Deriving a Möbius transformation specified by three points

Question

A Möbius transformation is given by

$$f(z)=\frac{az+b}{cz+d}$$

with parameters $a$, $b$, $c$, and $d$. The Wikipedia article provides rules for finding these parameters based on three points $z_1$, $z_2$, and $z_3$ and their images $w_1$, $w_2$, and $w_3$. It is my goal to understand how we can derive the equations which yield the parameters.

Möbius transformations preserve the cross-ratio, so I assume we start with the cross-ratios of the original points and their images: $$(z,z_1;z_2,z_3)=(f(z),w_1;w_2,w_3)$$ which can be reformulated as

$$\frac{(z-z_2)(z_1-z_3)}{(z_1-z_2)(z-z_3)}=\frac{(f(z)-w_2)(w_1-w_3)}{(w_1-w_2)(f(z)-w_3)}$$

I imagine the solution is obtained by reformulating this equation above somehow to solve for $f(z)$. But how is this done? I could not find a proper tutorial for this online - most tutorials I find plug in specific points at this stage, but I would like to learn how the general approach is derived.

Answer 1

multiply up

$$(f(z)-w_3)(w_1-w_2)(z-z_2)(z_1-z_3)=(f(z)-w_2)(w_1-w_3)(z_1-z_2)(z-z_3)$$

put

• $A = (w_1-w_2)(z-z_2)(z_1-z_3)$
• $B = (w_1-w_3)(z_1-z_2)(z-z_3)$

$$(f(z)-w_3)\cdot A=(f(z)-w_2)\cdot B$$

multiply out $$f(z) \cdot (A-B)=w_3\cdot A-w_2\cdot B$$

multiply out

$$f(z) =\frac{w_3\cdot A-w_2\cdot B}{A-B}$$

should work as long as $A \not = B$, infinities may need to be handled separately.

Answer 2

Unless you have an unusual memory, and/or are somehow required to do this, I think there's little reason to have in mind "the formula" or any "clever changes of variables"... to determine the coefficients of the linear fractional (Mobius) transformation you want.

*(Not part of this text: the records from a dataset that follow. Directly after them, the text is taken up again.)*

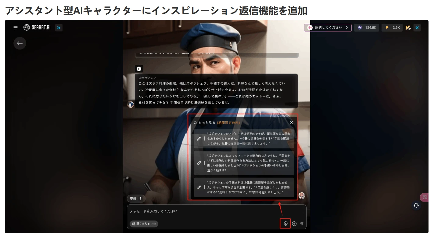 ▪ アシスタント型AIキャラクターにインスピレーション返信機能を追加
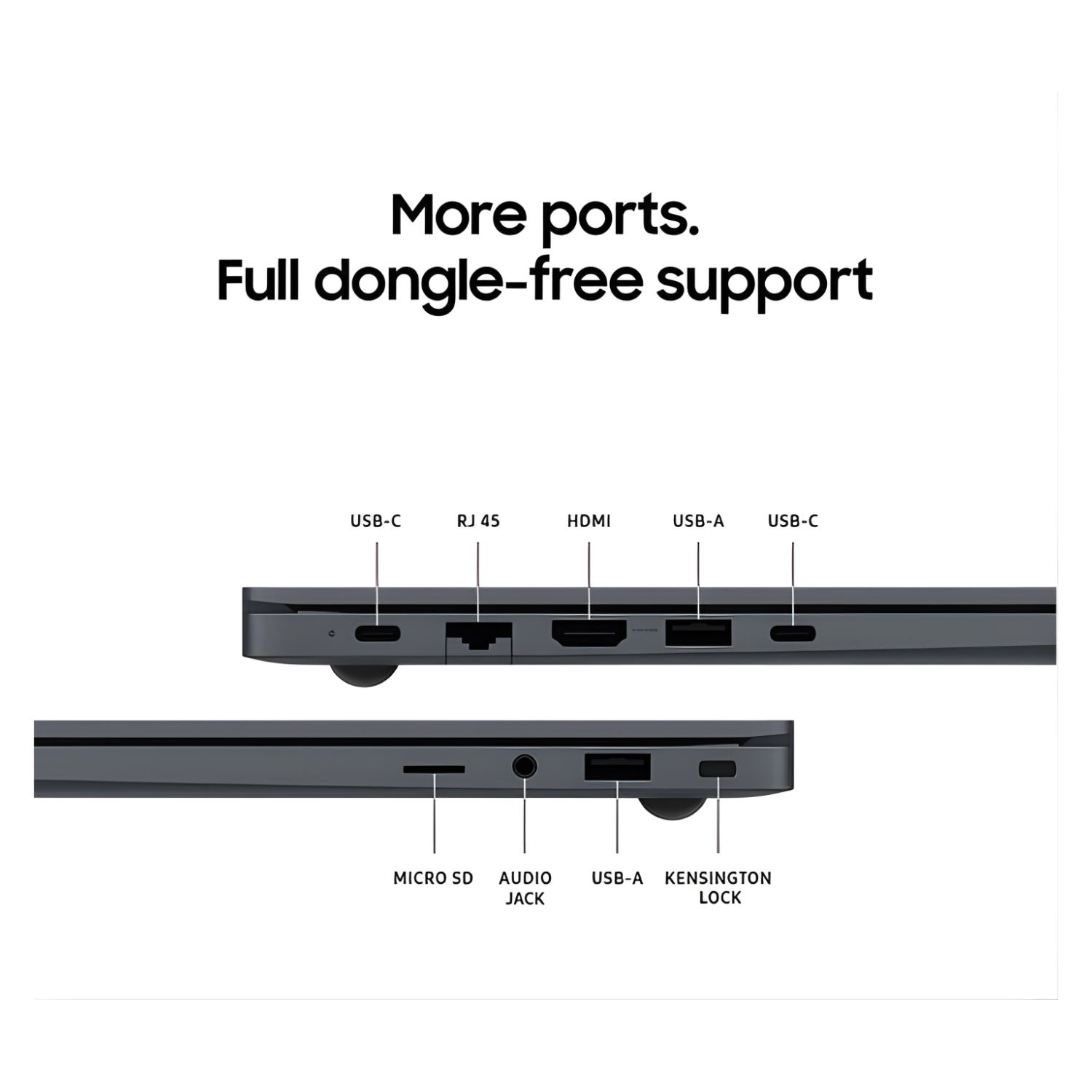 Slim yet mighty, Galaxy Book4 (2024) boasts a wide array of built-in ports to cover your connectivity needs. Plug in external devices via HDMI, two USB-A and two USB-C ports, microSD slot and even an RJ45 port for high-speed LAN connections.
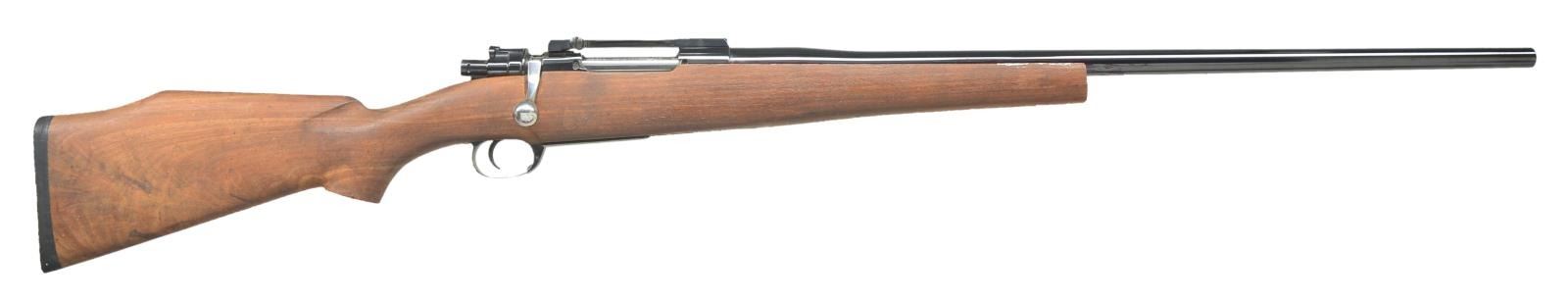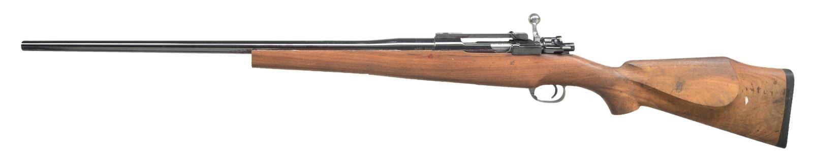 (TOKYO ARSENAL) TYPE 46 ACTION. Cal. 45-70. S# 131. Bbl. 26" w/out sights. Markings on receiver have been obscured by polishing & Redfield 1 piece base. Turned down bolt handle & low swing safety. Replacement partially finished hardwood pistol grip stock w/ cheekpiece & black recoil pad. CONDITION: good reblue metal finish w/ red staining. Good wood finish w/ missing forearm tip, grip cap & unfinished wood w/ stains. Near excellent bore. (22-2586/MD). MODERN. $100-200.
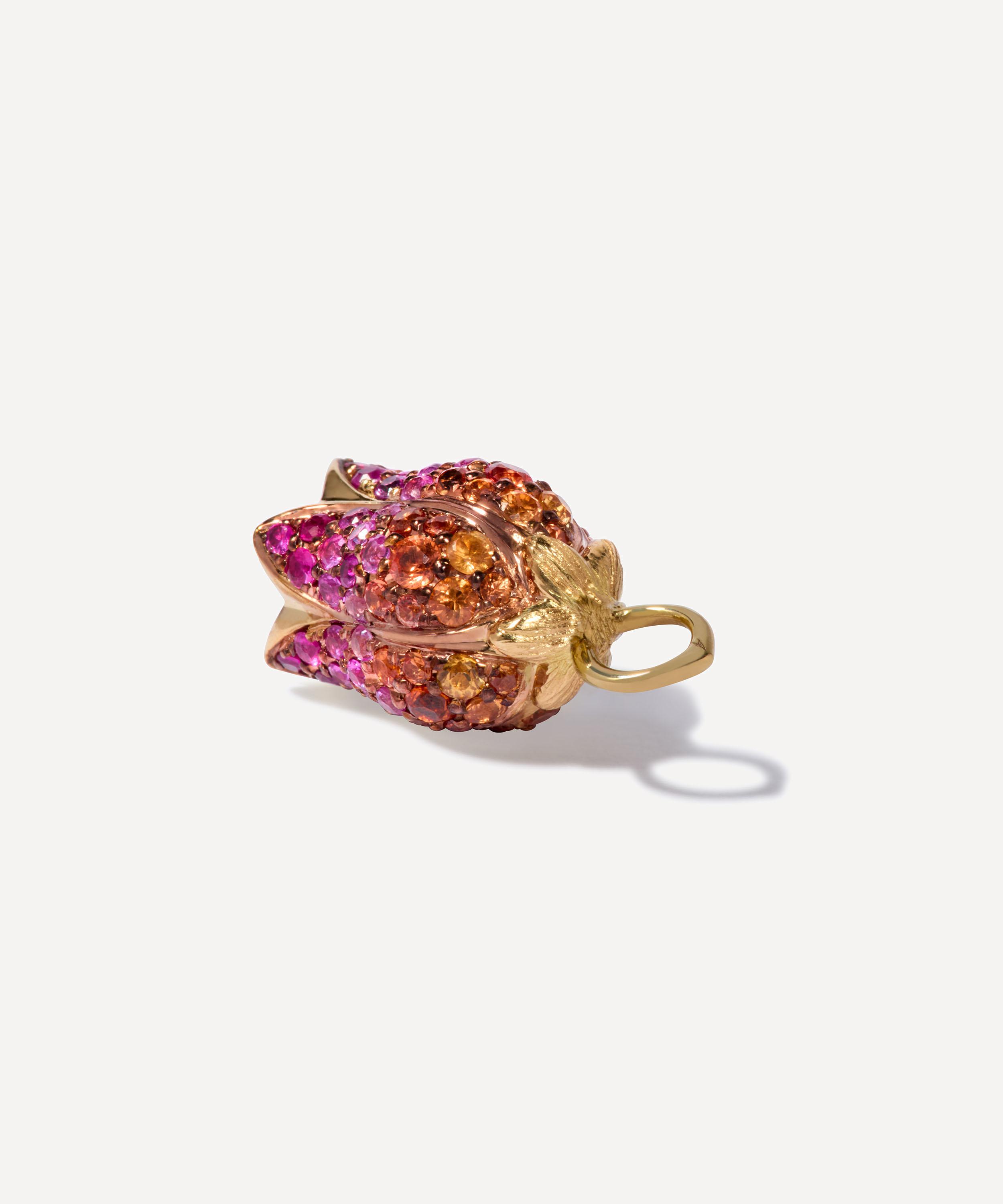 Inspired by Annoushka's love for nature, each delicate earring drop is crafted by hand from 18ct gold with orange and pink sapphires to form a delicate tulip, finished with a tiny briolette spinel emerging from the downward bloom for a subtly swaying shimmer. Attach them to a pair of classic gold or diamond-encrusted hoops for an instantly elevated look.

Rather, it is possible to derive the expression in a natural fashion (thus dodging the brittleness of memory-of-formulas...). Namely, first move $z_1$ to $w_1$ by your choice of simple linear fractional transformation, e.g., either a complex multiplication or a complex addition. Keep track of where the other points go. Then choose a l.f.t. fixing the first desired image $w_1$, and moving the new $z_2$ to $w_2$. And similarly for (the new-new) $z_3$ to $w_3$.

A minor variant of this, which is probably what I'd use, since I'd have to try to figure out those point-stabilizing groups, is to map the $z_i$'s to some canonical special points, such as $0$, $1$, $\infty$, whose isotropy groups are easy to understand... If $g$ sends $z_1,z_2,z_3$ to $0,1,\infty$, and $h$ sends $w_1,w_2,w_3$ to the same, then $h^{-1}g$ sends $z_i$ to $w_i$.

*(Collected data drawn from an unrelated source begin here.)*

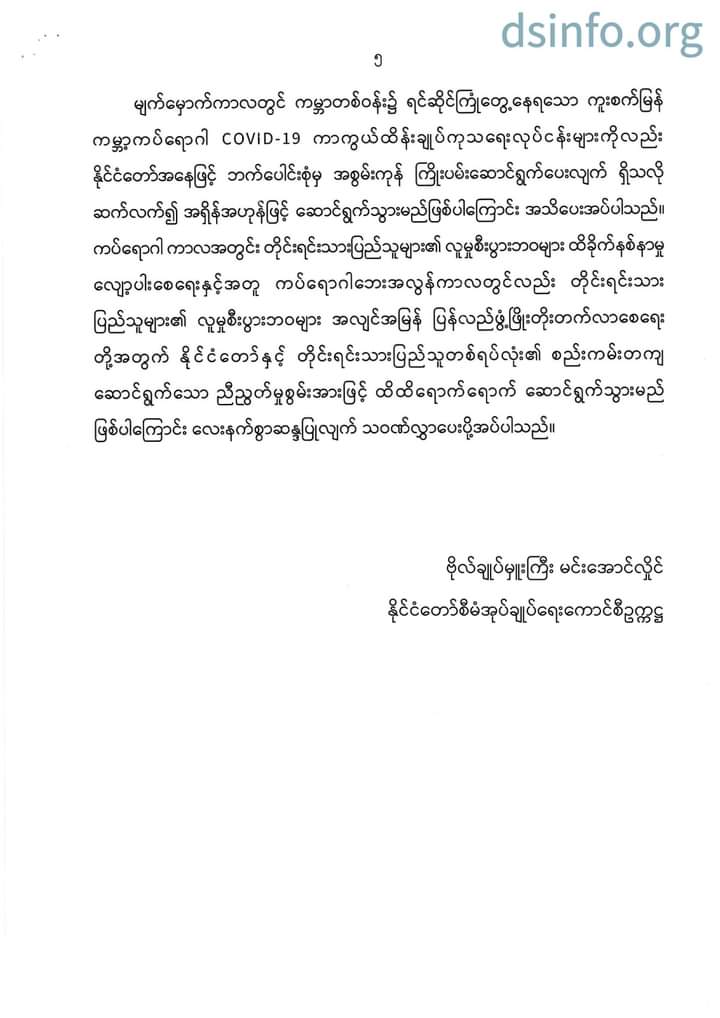 ပြည်ထောင်စုသမ္မတ မြန်မာနိုင်ငံတော် နိုင်ငံတော်စီမံအုပ်ချုပ်ရေးကောင်စီဥက္ကဋ္ဌ ဗိုလ်ချုပ်မှူးကြီး မင်းအောင်လှိုင်ထံ မှ ၂၀၂၁ ခုနှစ်၊ (၇၄) နှစ်မြောက် ပြည်ထောင်စုနေ့ အခမ်းအနားသို့ ပေးပို့သော သဝဏ်လွှာ 02/27/2021
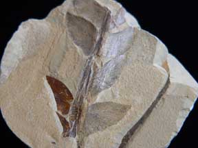 ovata An 8.5 x 8.5 cm black shale slab showing multiple leaves attached to a single stem; other specimens on edge of slab |
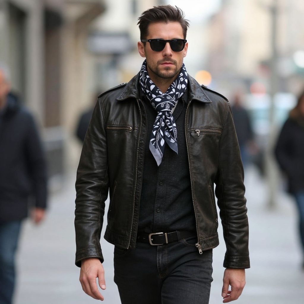 Trendy Man Costume, man in a leather jacket and scarf walking down a street
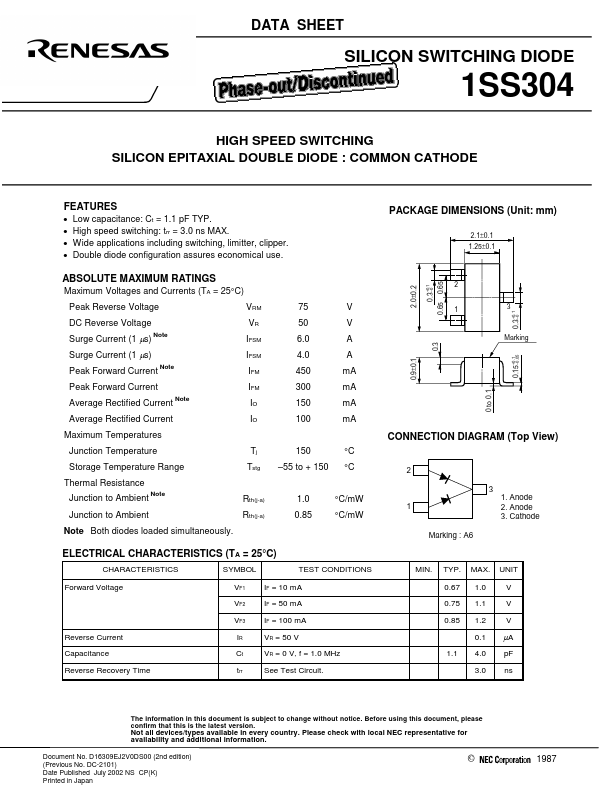 | Datasheet | 1SS304-Renesas.pdf |

(It is cool to know that there is an explicit invariant, the cross-ratio, but I'd not use it as a computational device... especially since one needs to be able to accurately recall it. One thing I've learned, even though my memory seems to be ok, is that raw memory without the robustness of an easily memorable explanation, is dangerously fragile... Like remembering phone numbers...)

Answer 3

Let's take as an example probably the most famous Mobius transformation, the Cayley transformation. It is determined by the fact that it takes $i\to0, -i\to\infty$ and $0\to-1$.

Let's find the formula for the transformation, given this information. So $f(z)=\dfrac{az+b}{cz+d}$ and we get the three equations: $\dfrac{ai+b}{ci+d}=0, \dfrac{-ai+b}{-ci+d}=\infty$ and $\dfrac bd=-1$.

From this, a little algebra leads to $f(z)=\dfrac{z-i}{z+i}$.

Since the algebra seems to be the part you're asking about, let's do it. We get $\dfrac{ai+b}{ci-b}=0, \dfrac{-ai+b}{-ci-b}=\infty \implies f(z)=\dfrac{biz+b}{biz-b}=\dfrac{z-i}{z+i}$.